To construct our test subject, we need instances of all its dependencies. Using real implementations of these dependencies is often impractical due to their complexity and potential platform dependencies, which may not work in Unit Tests. Moreover, it would violate the primary principle of unit testing, which is to test only the unit, the test subject.

If you’re writing clean code, you probably use interfaces to hide implementations. This allows you to create fake implementations of those interfaces. However, while this makes Unit Tests more performant, it generates significant boilerplate and has limited features that you need to implement yourself.

Mocking to the rescue

Mocking frameworks create instances for you, which aren’t the actual implementations but objects reflecting the type signature of the dependency (usually through reflection). This maximizes the isolation of the test subject. Mocking frameworks also provide two core features necessary for writing good unit tests:

• Mocking dependency functions and property behaviour
• Verifying the usage of those dependencies

Let’s start mocking!

Start by picking the mocking framework:
1. Mockk
2. Mockito

Mockito is an old-school Java-based framework rarely used in Kotlin codebases. I prefer Mockk for its Kotlin-friendly syntax and support for coroutines and Kotlin objects.

[versions]
test-mockk = "1.13.12"

[libraries]
test-mockk = { module = "io.mockk:mockk", version.ref = "test-mockk" }

testImplementation(libs.test.mockk)

Simple mocking

Our test subject ExampleUseCase now has a dependency providing the multiplier:

class ExampleDependency {
    fun provideMultiplier(): Int = 2
}

class ExampleUseCase(
    private val exampleDependency: ExampleDependency,
) {
    operator fun invoke(input: Int): Int {
        return input
            .times(exampleDependency.provideMultiplier())
            .coerceAtMost(4)
    }
}

Let’s go back to our test class. Now our test subject cannot be simply instantiated as it requires an object in its constructor. We need to mock this dependency:

class ExampleUseCaseTest {

    private val exampleDependency = mockk<ExampleDependency>()

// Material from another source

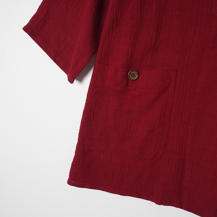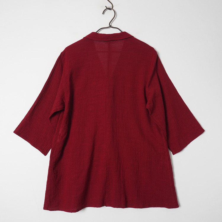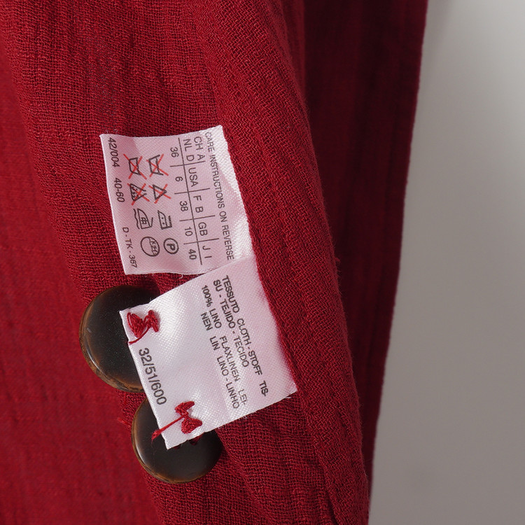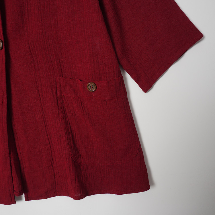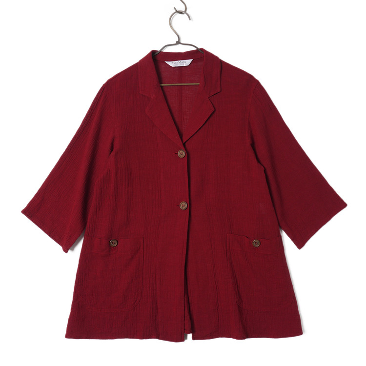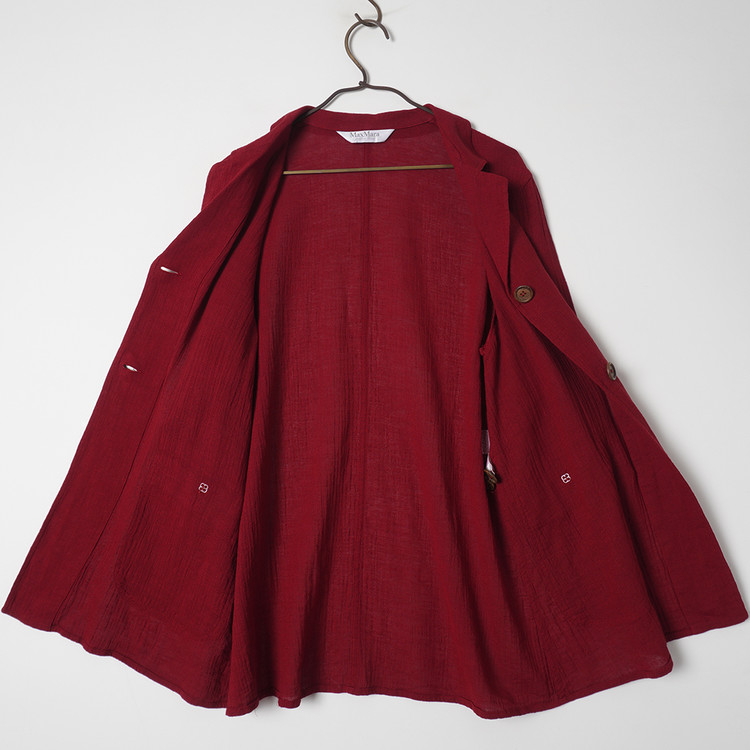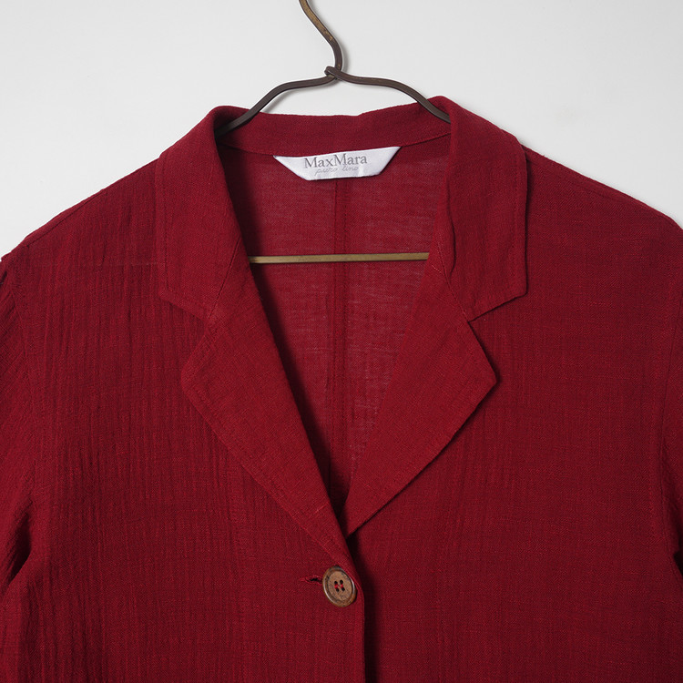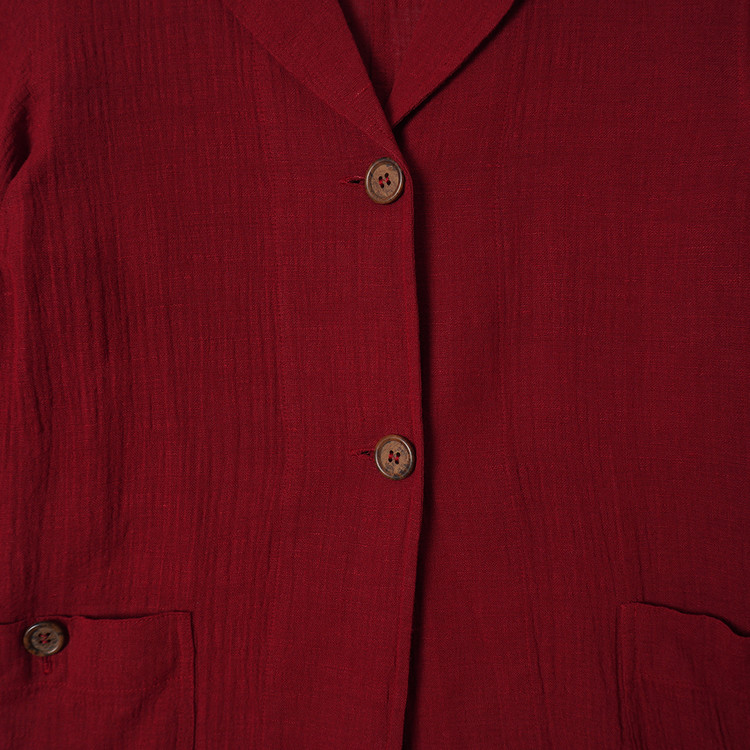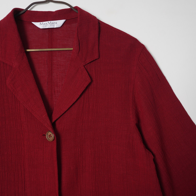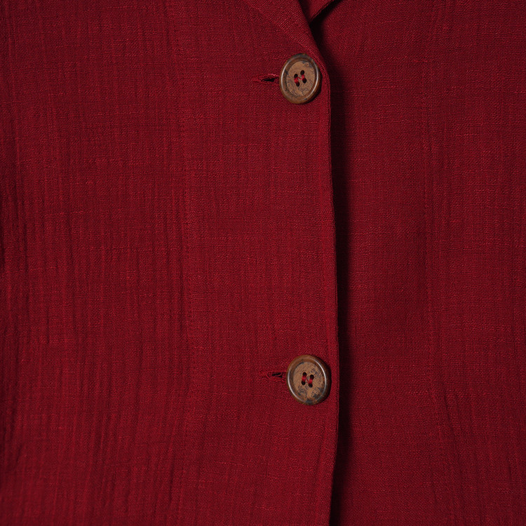 우먼즈 버건디 린넨 버튼 자켓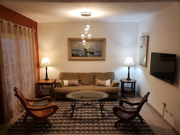 - Accès libre - L'appartement est à seulement 2 pâtés de maisons de la Calle Primera (aucun problème de bruit) - Parking gratuit dans les locaux - Séjour avec une télévision Chromecast pour diffuser votre contenu favori directement depuis votre smartphone - Salle à manger pour 5 - La cuisine est entièrement équipée avec un four, une cafetière Keurig, un jus d'orange vintage mexicain (les oranges ne sont pas garanties) - 2 chambres privées avec des lits confortables qui vous assureront une bonne nuit de sommeil - 2 salles de bain complètes - Blanchisserie complète

    private val exampleUseCase = ExampleUseCase(
        exampleDependency = exampleDependency,
    )
}

The mockk function will create a mock object that pretends to be ExampleDependency through reflection. Now let’s create a test where the multiplier is 2 and input is 1.

@Test
fun `invoke returns multiplication result when multiplier is 2 and input is 1`() {
    val result = exampleUseCase(input = 1)

    assertEquals(2, result)
}

But what happens when we run this test? We will get an exception:

io.mockk.MockKException: no answer found for ExampleDependency(#1).provideMultiplier() among the configured answers

This is because we actually need to tell the mock to behave the way we want it to. To do so we need to use configuration functions. In mockk to do so we use every function that will tell the mockk framework which call we want to configure. Then we use functions as building blocks to tell how we want it to behave. In our case we need to use returns infix to return 2. This is a configuration of a mock, so it should land in the GIVEN block:

@Test
fun `invoke returns multiplication result when multiplier is 2 and input is 1`() {
    every { exampleDependency.provideMultiplier() } returns 2

    val result = exampleUseCase(input = 1)

    assertEquals(2, result)
}

Mocking also allows verifying that the function was called. This is useful to ensure the class is used at the designated moment or under certain conditions.

To do so we use verify functions. There are multiple variants of them:

• verify — Confirms that a specified call occurred at least once, regardless of order or frequency.
• verifyOrder — Ensures that the specified calls occurred in the given order at least once, but other calls in between are allowed.
• verifySequence —Verifies that the specified calls occurred in the exact order provided and that no other calls to the mocked class occurred.

Of course this is a verification of the test result, so it should land in the THEN block.

@Test
fun `invoke returns multiplication result when multiplier is 2 and input is 1`() {
    every { exampleDependency.provideMultiplier() } returns 2

    val result = exampleUseCase(input = 1)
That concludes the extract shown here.